Check that had migrated into vfs_rename_dir() can be dropped - we
do the same check in its caller earlier (it's called from vfs_rename()).
BTW, why the fsck vfs_rename_dir() is not static?  We don't use it
anywhere else in the tree and it's not exported, so...

Now, we are left with that merry bunch - vfs_<operation>.  Let's take
the POSIX idiocy to the callers of vfs_rename() and let's move the
check for fs being writable to us into callers of all these guys.

_NOW_ we are done.  Indeed, there are two groups of callers (syscalls
and nfsd) and both know what we are dealing with.  The former have
vfsmount, the latter have export.

Note that passing vfsmount into vfs_...() would be a Wrong Thing(tm) -
they are deliberately fs-local.  I.e. they don't care where (and if)
fs is mounted - they operate below the mount tree level.

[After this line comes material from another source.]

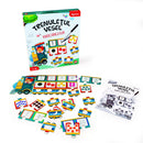 Trenuletul vesel: Numere, Forme & Culori este un joc educativ progresiv care vine sa-l ajute pe copil sa invete numerele si cantitatile, sa deseneze numerele si formele, invatand simultan culorile de baza. Copilul gaseste mai intai piesele cu numere conectandu-le la locomotiva trenului,apoi, recunoaste numarul si incearca sa gaseasca cantitatea corecta, adaugand a doua piesa cu puncte colorate. In cele din urma, conform culorii punctelor, copilul incearca sa gaseasca forma corecta care are conturul de aceeasi culoare. Continut: 5 cartonase cu numere, 10 piese de puzzle cu cantitati si culori si 10 piese de puzzle cu forme, 1 manual si 1 marker lavabil. Varsta recomandata 3-6 ani. Valori dezvoltatea - abilitati cognitive, miscarile fine ale mainilor, memoria, autonomia.

Intermezzo analogs are analogous ;-)  We can deal with them in the
same manner.

OK, so far we have shown that per-mountpoint ro/noatime/nodiratime are
doable.  However, the solution as described above is *NOT* going to
be accepted - it sprinkles a lot of crap all over the tree for no
visible reason.  Let's take a look at the resulting picture and see
how it can be cleaned up.

What had actually changed?  We used to have checks for "fs is writable"
on a fairly low level.  The end result has their analogs on earlier
stages - at the point where we have decided that operation will happen
on *this* part of mount tree.

That has an obvious functionality problem - what happens if we decide that
fs is writable and remount it read-only between the check and actual work?
*However*, this is not a new issue.  Current code has exact same problem.
We need to deal with it anyway.

Basically, what's wrong with both current and modified trees is that
we ask "can I write to that sucker now?" and consider the positive
answer as go-ahead.

Theoretically, it could even work - if remount would block until the
transient operation is done or say just say "busy" in all cases when
something is going on.  We even do some checks of that sort.  However,
they deal only with long-term stuff - files being opened for write or
unlinked files kept alive by being open.  Transient stuff is ignored,
so we can very well get fs remounted r/o right after e.g. mkdir()
does all checks and decides to go ahead.

How to fix that?  Well, the obvious way would be to bracket transient
stuff with WILL WRITE/WONT WRITE.  With filesystem being able to say
DO WRITE/DONT WRITE, obviously ;-)

But look, we have already done half of that - we have the opening
brackets.  And that's exactly what our shifted checks are - we are
asking for write access to filesystem, we call a function that assumes
such access and once it returns we are done with the thing.  IOW,
adding the closing brackets is easy now.

And that's what we were missing in the above.  Now we can get sane
semantics for all that stuff.  Why would filesystem be read-only
or read-write?  Well,
	(1) it can be read-only because it refuses to be read-write, period.
E.g. no matter what you do, filesystem on a CD will *not* be writable.  Ever.
Ditto for remote filesystem that is not exported read-write.  Ditto for a
filesystem that doesn't know how to be writable.
	(2) it can be read-only because nobody asked it to be read-write.
	(3) it can be read-only because sysadmin *told* it to stop being
writable.

What happens to these cases if we want per-mountpoint writability?
	(1) doesn't change at all
	(2) becomes "none of the instances are asked to be writable"
	(3) becomes independent from (2)
IOW, we need to distinguish between "make that instance read-only, stop
allowing writes to come via it" and "make fs readonly if it's not busy
writing stuff; do _not_ consider lusers wanting it to be writable an
obstacle, they are welcome to go forth and procreate".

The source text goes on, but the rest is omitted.